Section 351(i) provides that:
The term “biological product” means a virus, therapeutic serum, toxin, antitoxin, vaccine, blood, blood component or derivative, allergenic product, protein (except any chemically synthesized polypeptide), 13 or analogous product, or arsphenamine or derivative of arsphenamine (or any other trivalent organic arsenic compound), applicable to the prevention, treatment, or cure of a disease or condition of human beings.
Products that meet the drug definition and that also meet the definition of biological product are classified as biological products, and are generally subject to licensure under the PHS Act. 14 Products that meet the definitions for drug, device, and biological product may also be classified as biological products. If you have questions regarding whether a product meets the definition of biological product or how this might affect its classification, please contact OCP.
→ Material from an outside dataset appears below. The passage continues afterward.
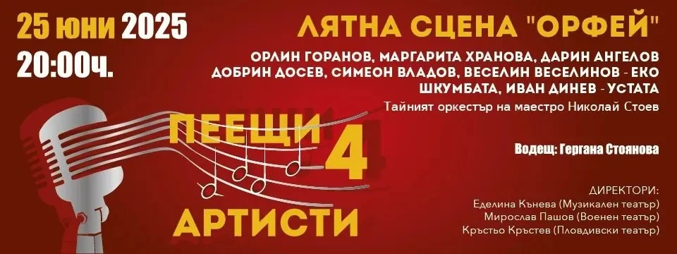 Явлението "Пеещи артисти" с концерт № 4 ще се приземи на 25 юни 2025 г. в Пловдив - от 20:00 ч. на лятна сцена "Орфей".

For further information on the classification of products as devices, drugs, biological products, or combination products, please refer to the Frequently Asked Questions on the next page, OCP’s webpage, or contact OCP at:
Office of Combination Products
Food and Drug Administration
WO32, Hub/Mail Room #5129
10903 New Hampshire Avenue
Silver Spring, MD 20993
(Tel) 301-796-8930
(Fax) 301301-847-8619
combination@fda.gov
1. Can a product be classified as a device if it exhibits “chemical action”?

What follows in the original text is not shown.